While I was working in some exercise about filters, a question came to my mind: let $X$ a set and $F\subseteq X$ a non empty finite set. How many ultrafilters $U$ there are such that $F\in U$? I think that there exist a unique ultrafilter that contains $F$ but I can't see why or how to prove but my intuition says that it is true. Am I wrong?

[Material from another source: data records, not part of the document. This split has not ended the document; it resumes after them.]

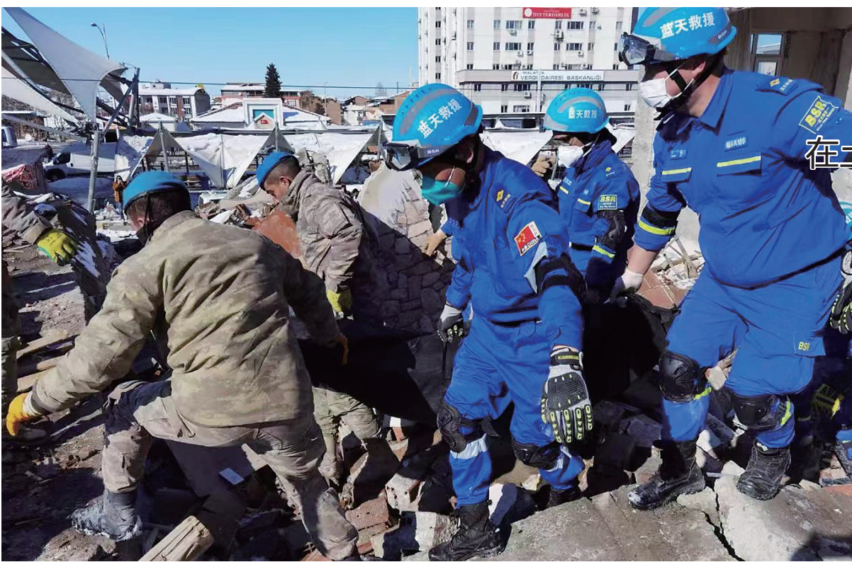
中国蓝天救援队在土耳其开展救援行动

中国体育博物馆与亚运会颇有渊源。1990年9月22日北京亚运会开幕,中国体育博物馆同日建成开馆。多年来博物馆一直致力于立足藏品讲述背后的故事,传播体育文化、弘扬体育精神、展现中国风貌。
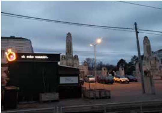
Die Würstchenbude am Tor 2, dem Haupteingang: Eh scho Wuascht!

Sonnenbrillen da. Oder Flaschen mit Hochprozentigem. Er gehört untrennbar zum Klischee des typisch Wienerischen: der Zentralfriedhof. Er ist so groß, dass man, gegen Gebühr, mit dem Auto darin zu einer Grabstelle fahren darf. Er ist eine Stadt in der Stadt, mit vielen Bezirken und Vierteln, mit zentralen Plätzen, mit Stein und Natur, mit breiten Alleen und schmalen Pfaden, mit Menschen und Tieren, mit Touristen und Trauernden. Mit schiefwinkligen Grabkreuzen, wunderschönen Grabstellen, mit unfassbarem Pomp, mit Kunst und manchmal eben auch Kitsch. Um das Phänomen Zentralfriedhof genauer zu erkunden, bin ich im November 2025 wieder nach Wien gefahren. Ich habe mich per E-Mail für eine Führung angemeldet. Man freue sich, schreibt der nette Mitarbeiter in seiner Antwort, und: „Das wird ein Spaß!“
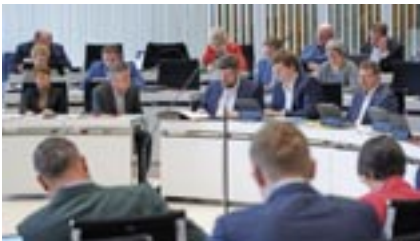
Abgeordnete der Fraktionen DIE LINKE und SPD.

97 Prozent der Ost-Rentner lebten allein von der gesetzlichen Rente, verdeutlichte Ministerpräsidentin Manuela Schwesig (SPD). Die sichere Rente habe mit Respekt vor der Lebensleistung zu tun und mit Vertrauen in die Demokratie. Sie finde es „dreist“, von Rentnern eine Nullrunde zu fordern, damit der Bundeshaushalt „klarkomme“ und erteile genauso Kürzungen oder der Erhöhung des Renteneintrittsalters eine Absage.
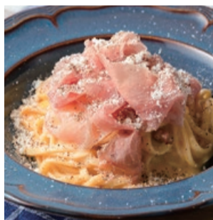
★名古屋コーチン卵と 削りたて生ハムのカルボナーラ タリオリーニ Carbonara Tagliolini with Nagoya Cochin Egg & Freshly Shaved Raw Ham (+200)
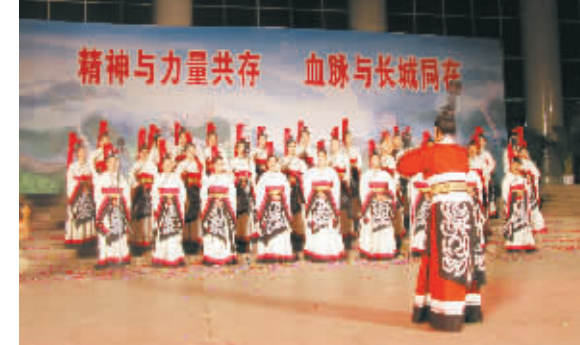
马村区女子合唱团在演出

古老而年轻的马村区,有着一个成就非凡、令人自豪的昨天,正处在一个生机勃勃、蒸蒸日上、也将拥有一个前景广阔、更加美好的明天。如今的马村区,遍拂科学发展的春风,正疾行在赶超超位的征程上。在区委、区政府的带领下,全区人民正以更加澎湃的激情和无愧于时代的业绩,共同谱写改革转型的新篇章,携手创造科学发展的新辉煌。
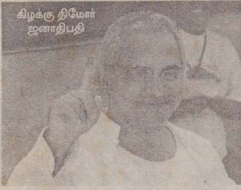
கிழக்கு திமோர் ஜனாதிபதி டிலி, பெப்.12

ரேலிய மருத்துவமனையொன்றில் அனுமதிக்கப்பட்டுள்ளார். இது துப்பாக்கிப் பிரயோக சம்பவத்தை 'அரசுக்கு எதிரான பிசுபிசுத்துவிட்ட புரட்சிச் சதி' என கிழக்குத் திமோர் அதிகாரிகள் குறிப்பிட்டுள்ளார்கள். கிழக்குத் திமோர் தலைநகரான டிலியின் புறநகர்ப் பகுதியிலுள்ள தம் வாசஸ்தல வளவில் ஜனாதிபதி சுடப்பட்டார். வயிற்றில் ஏற்பட்ட காயத்துடன் முதலில் திமோரிலுள்ள ஆஸ்திரேலிய இராணுவ மருத்துவ மனையில் சேர்க்கப்பட்ட அவரின் நிலைமை பின்னர் மோசமடைந்தது. இதையடுத்து அவர் ஆஸ்திரேலிய நகரான டார்வினிலுள்ள மருத்துவமனைக்கு 'கோமாம்' நிலையில் கொண்டு செல்லப்பட்டார் என அதிகாரிகள் குறிப்பிட்டுள்ளார்கள். துப்பாக்கிப் பிரயோகத்தின்போது ஜனாதிபதியின் பாதுகாவலர்கள் பதில் தாக்குதல்களை
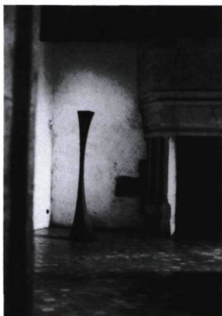
Jocelyne Allouche, Solstice (détail) , 1992. Photographies noir et blanc, bois laqué, verre teinté, clair et dépoli, graphite et plomb ; 224 x 620 x 930 cm. Collection de l'artiste.

My work: take $F$ a non empty and finite subset of $X$. Suposse that there exist two different ultrafilters $U$ and $V$ such that $F\in U$ and $F\in V$. Since $U\neq V$, w.l.g., we can take $A\in U\setminus V$. Then $A\notin V$ but $V$ is an ultrafilter and therefore $X\setminus A\in V$. Moreover, $F\cap (X\setminus A)\neq\emptyset$ and $F\cap A\neq\emptyset$. But then, from here, what can I do? If my intuition is wrong, then, is there a bound over the number of ultrafilters that contains a fixed finite set? Thanks.
Suppose that $F$ is a non-empty finite subset of $X$, and let $\mathscr{U}$ be an ultrafilter on $X$ such that $F\in\mathscr{U}$. Let $F=\{x_1,\ldots,x_n\}$, and for $k=1,\ldots,n$ let $A_k=X\setminus\{x_k\}$. Suppose that $\{x_k\}\notin\mathscr{U}$ for each $k\in\{1,\ldots,n\}$; then for each $k\in\{1,\ldots,n\}$ we must have $A_k\in\mathscr{U}$, and therefore $\bigcap_{k=1}^nA_k\in\mathscr{U}$. But $\bigcap_{k=1}^nA_k=X\setminus F$, which is certainly not in $\mathscr{U}$, since $F\in\mathscr{U}$. This contradiction shows that there must be some $k\in\{1,\ldots,n\}$ such that $\{x_k\}\in\mathscr{U}$, and in that case $\mathscr{U}$ is the fixed (or principal) ultrafilter over $x_k$:
$$\mathscr{U}=\{U\subseteq X:x_k\in U\}\;.$$
Conversely, if $x\in F$, then $\mathscr{U}_x=\{U\subseteq X:x\in U\}$ is an ultrafilter on $X$, and clearly $F\in\mathscr{U}$. Thus, the ultrafilters on $X$ that contain $F$ are precisely the fixed ultrafilters over the elements of $F$, and there are therefore $|F|$ of them.